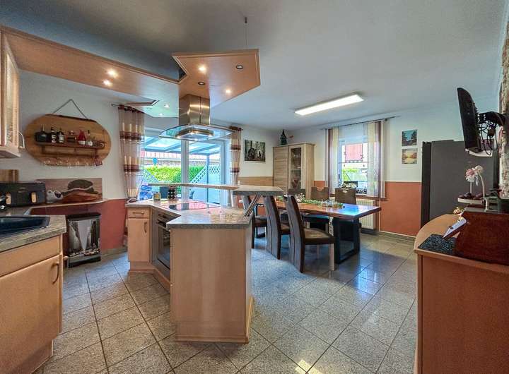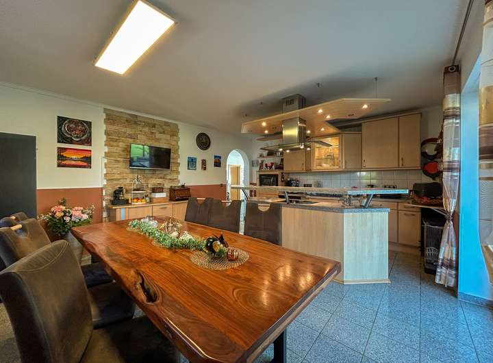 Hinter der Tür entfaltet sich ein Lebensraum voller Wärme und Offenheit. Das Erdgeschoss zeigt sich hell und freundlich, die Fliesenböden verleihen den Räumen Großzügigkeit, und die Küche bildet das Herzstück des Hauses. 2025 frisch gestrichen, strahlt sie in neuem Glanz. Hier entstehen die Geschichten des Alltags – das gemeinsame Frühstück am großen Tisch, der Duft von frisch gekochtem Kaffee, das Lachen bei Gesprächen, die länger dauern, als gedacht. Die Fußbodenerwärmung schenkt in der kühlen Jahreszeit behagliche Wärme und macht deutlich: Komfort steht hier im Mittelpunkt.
==
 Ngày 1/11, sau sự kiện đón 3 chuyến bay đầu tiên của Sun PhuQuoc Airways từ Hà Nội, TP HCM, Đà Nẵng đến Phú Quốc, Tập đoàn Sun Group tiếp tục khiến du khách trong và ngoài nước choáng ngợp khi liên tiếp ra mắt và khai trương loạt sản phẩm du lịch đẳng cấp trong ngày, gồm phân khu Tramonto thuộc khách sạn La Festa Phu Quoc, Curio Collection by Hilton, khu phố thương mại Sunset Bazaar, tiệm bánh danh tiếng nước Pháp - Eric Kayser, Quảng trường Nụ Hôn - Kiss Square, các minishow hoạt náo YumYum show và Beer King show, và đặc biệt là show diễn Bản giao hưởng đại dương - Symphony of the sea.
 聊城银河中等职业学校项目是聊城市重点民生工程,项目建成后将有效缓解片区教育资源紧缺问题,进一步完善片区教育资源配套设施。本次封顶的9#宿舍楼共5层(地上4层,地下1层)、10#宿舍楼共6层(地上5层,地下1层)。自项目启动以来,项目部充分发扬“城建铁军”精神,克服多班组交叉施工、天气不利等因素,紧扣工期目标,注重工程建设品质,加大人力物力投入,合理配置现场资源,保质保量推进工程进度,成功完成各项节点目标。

■ **Your goal**
In the material above, transcribe exactly the lines beginning at the one with "Ngày 1/11, sau" and ending at the one with "聊城银河中等职业学校项目是聊", both included.

■ **Task output**
 Ngày 1/11, sau sự kiện đón 3 chuyến bay đầu tiên của Sun PhuQuoc Airways từ Hà Nội, TP HCM, Đà Nẵng đến Phú Quốc, Tập đoàn Sun Group tiếp tục khiến du khách trong và ngoài nước choáng ngợp khi liên tiếp ra mắt và khai trương loạt sản phẩm du lịch đẳng cấp trong ngày, gồm phân khu Tramonto thuộc khách sạn La Festa Phu Quoc, Curio Collection by Hilton, khu phố thương mại Sunset Bazaar, tiệm bánh danh tiếng nước Pháp - Eric Kayser, Quảng trường Nụ Hôn - Kiss Square, các minishow hoạt náo YumYum show và Beer King show, và đặc biệt là show diễn Bản giao hưởng đại dương - Symphony of the sea.
 聊城银河中等职业学校项目是聊城市重点民生工程,项目建成后将有效缓解片区教育资源紧缺问题,进一步完善片区教育资源配套设施。本次封顶的9#宿舍楼共5层(地上4层,地下1层)、10#宿舍楼共6层(地上5层,地下1层)。自项目启动以来,项目部充分发扬“城建铁军”精神,克服多班组交叉施工、天气不利等因素,紧扣工期目标,注重工程建设品质,加大人力物力投入,合理配置现场资源,保质保量推进工程进度,成功完成各项节点目标。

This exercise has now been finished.